» DATASET CONTENT:
'''

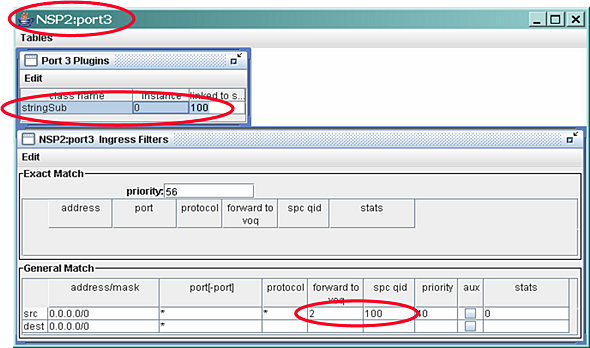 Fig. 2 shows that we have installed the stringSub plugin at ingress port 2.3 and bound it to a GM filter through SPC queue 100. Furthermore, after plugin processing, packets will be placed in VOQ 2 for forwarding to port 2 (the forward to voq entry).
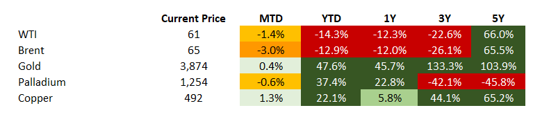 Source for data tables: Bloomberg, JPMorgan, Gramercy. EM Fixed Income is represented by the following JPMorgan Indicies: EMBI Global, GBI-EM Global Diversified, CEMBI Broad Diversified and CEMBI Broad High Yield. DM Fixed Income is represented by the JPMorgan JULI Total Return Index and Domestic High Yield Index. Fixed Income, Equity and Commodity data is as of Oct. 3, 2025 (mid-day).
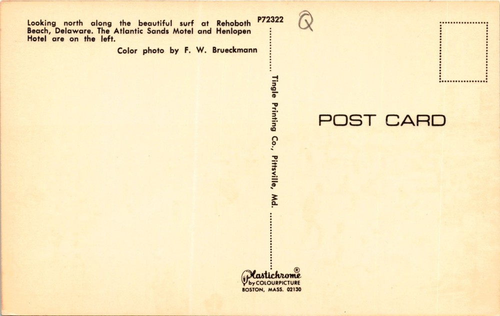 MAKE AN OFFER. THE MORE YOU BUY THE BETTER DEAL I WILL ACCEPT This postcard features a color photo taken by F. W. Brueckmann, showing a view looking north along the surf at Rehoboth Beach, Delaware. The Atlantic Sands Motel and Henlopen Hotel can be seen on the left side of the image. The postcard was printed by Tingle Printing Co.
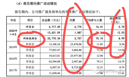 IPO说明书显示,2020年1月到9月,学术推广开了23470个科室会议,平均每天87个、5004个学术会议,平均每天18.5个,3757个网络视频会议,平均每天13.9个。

'''

» WHAT TO WORK ON:
Copy the material exactly as written and leave every picture behind.

» SOLUTION TO THE PROBLEM:
 Fig. 2 shows that we have installed the stringSub plugin at ingress port 2.3 and bound it to a GM filter through SPC queue 100. Furthermore, after plugin processing, packets will be placed in VOQ 2 for forwarding to port 2 (the forward to voq entry).
 Source for data tables: Bloomberg, JPMorgan, Gramercy. EM Fixed Income is represented by the following JPMorgan Indicies: EMBI Global, GBI-EM Global Diversified, CEMBI Broad Diversified and CEMBI Broad High Yield. DM Fixed Income is represented by the JPMorgan JULI Total Return Index and Domestic High Yield Index. Fixed Income, Equity and Commodity data is as of Oct. 3, 2025 (mid-day).
 MAKE AN OFFER. THE MORE YOU BUY THE BETTER DEAL I WILL ACCEPT This postcard features a color photo taken by F. W. Brueckmann, showing a view looking north along the surf at Rehoboth Beach, Delaware. The Atlantic Sands Motel and Henlopen Hotel can be seen on the left side of the image. The postcard was printed by Tingle Printing Co.
 IPO说明书显示,2020年1月到9月,学术推广开了23470个科室会议,平均每天87个、5004个学术会议,平均每天18.5个,3757个网络视频会议,平均每天13.9个。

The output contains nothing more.